Fear choked him as it wrapped its spindly vines around his neck. What if she didn’t understand? When he told her, would she look at him differently? Would she struggle to find him desirable; would she see a man who had lost his grip on reality?
Half of him felt relieved, glad she knew the depth of his obsession, even though he had so much more to tell. Half of him wanted to smack his head on the table until he was incapable of thinking anymore.
“Whatever it is, you can tell me,” she said, as though she understood the torment raging inside him. “You can trust me, Gabriel.”
“You will think me a fool,” he said downing what was left of his wine. “But you must understand, I was still a boy when my mother died.” His thoughts drifted back to a time of pain and sadness. “Everything changed after that. I felt alone, isolated and I clung to her memory because it was all I had. My mother used to tell me stories of Egypt, of the Arabian Nights and the Tale of Nur Al-din Al. I remember the sultan crossing from Cairo to Jizah on his way to the Pyramids and wished I was riding with him.”
Now he had started the words flowed freely. Rebecca did not try to interrupt or question him, but sat quietly and listened.
“From then I read everything I could about the wonders of ancient Egypt. Years later, I met your father. His lectures were inspiring. He was a man I admired, the sort of man I wanted to become. He made me question the need for preserving the dead, helped me examine ways of preserving the organs without removing them. The mummification process was a way of leaving something solid, something tangible that did not crumble away to dust.” He shook his head and laughed, as it sounded ridiculous, even to him. “I can’t believe I’m going to say this … but I thought of my mother. If only I had a body preserved in a tomb, then perhaps the hole in my chest would become smaller somehow.” He stopped and thrust his hand through his hair. “It is the logic of a madman, I know.”
“It is the logic of a man whose heart is filled with sorrow,” she whispered.
His head shot up, that one sweet sentence making him feel normal, making him believe his obsession was a natural conclusion drawn from years of suffering. “The strange thing is, I can’t stop searching for the answer, even though I still do not really understand the que
stion.”
Rebecca smiled. “You do not have to search anymore, Gabriel,” she said, “because I understand the question. I know the answer you seek.”
Chapter 20
It took every ounce of strength Rebecca had to stop the tears from falling. Gabriel looked so tortured, so heartbroken; her heart was bleeding, too.
She understood grief, and now she understood love because she would give everything she had to ease his torment, to lessen the burden he had carried around all these years.
The room fell silent, except for the sound of his ragged breathing and she pushed herself out of the chair and walked around to kneel at his side.
“Now I know why God saw fit to bring us together,” she said stroking his arm. “Why I seem to understand what you’ve been searching for.”
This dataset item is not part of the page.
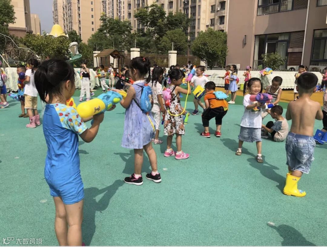 往年幼儿园的开学,难免会有宝宝们哭闹着不肯上学的身影,今年的青苹果幼儿园选择了一场特别的开学典礼,在老师和家长的带领下,以打水仗的形式迎接新学期。今年上大班的王芯妍一早便“全副武装”,手拿小水枪,身背小水桶,虽然是个女孩子,但是打起水仗来,可一点也不输给同龄的男孩子们。对于有些腼腆的吴彦博来说,开学第一天的感想就是,“玩得很开心。”大班中班的孩子们玩得尽兴,新入学的小班宝宝们则在一边羡慕的看着哥哥姐姐们玩耍。“以打水仗的形式拉开新学期的帷幕其实非常受家长们推崇。”范园长介绍,宝宝们在一边玩耍的同时,也潜移默化地学习,中班大班的孩子用玩水的形式庆祝升学,而小班的孩子们也在旁观中减少了入学压力,开学第一节课就在孩子们充满欢乐的嬉戏声中画上句号。

He dragged his hand down his face, the strain of suppressed emotion evident. “How can you know the question? How can you know what drives me when I don’t even know myself?”
“Because I know what grief is, Gabriel. I know what it is to want to turn back the clock and make everything right again. I know how it spins us into its web until there is no life beyond, so we are stuck, clinging to the silken thread hoping we can survive a bit longer. I know all we can do is search for the answer to the question — what can I do to live a day without the pain of grief?”
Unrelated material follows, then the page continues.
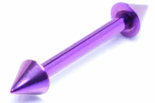 低アレルギーのチタンピアスを紫色に発色させた色鮮やかなバーベルタイプのチタン製ボディピアスです。発色チタンはメッキじゃないので色が剥がれたりせず、また素材もチタンなので、肌に優しく、アレルギーを引き起こしやすいといわれるニッケルを含んでいないのでアレルギーの人でも安心。ゲージサイズや内径サイズ、コーンサイズまで選べるカラーチタンピアスは、ファーストピアスやセカンドピアスにも使いたいボディーピアスです。プレーンな形のバーベルスタッドなので、色々な場所へのピアッシングに使えます。耳たぶへのピアッシングだけでなく、ヘリックスやトラガスにも使えるチタンボディピアスです。
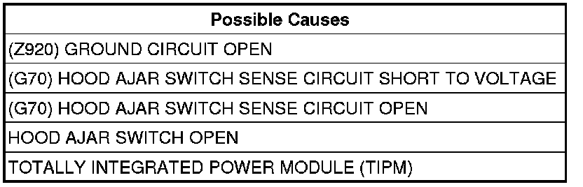 - Repair the (G70) Hood Ajar Switch Sense circuit for an open.

He looked up at her, his weary eyes growing bright with wonder, as though he had crossed oceans and continents on a fool’s crusade and had finally stumbled upon a wise mystic with the power to banish ghosts.
“If that is the question,” he whispered, “then what is the answer?”
Rebecca put her hand on his cheek. “I shall tell you the answer, Gabriel, but not now. You must be patient. There is something I need to do. Will you wait here while I go and get the parcel?”
“The parcel?” he said, a little confused. “I’d forgotten all about it.”
She had distracted his mind, his gaze returning to the present, dragging him back from the dreamy place, exactly as she’d intended.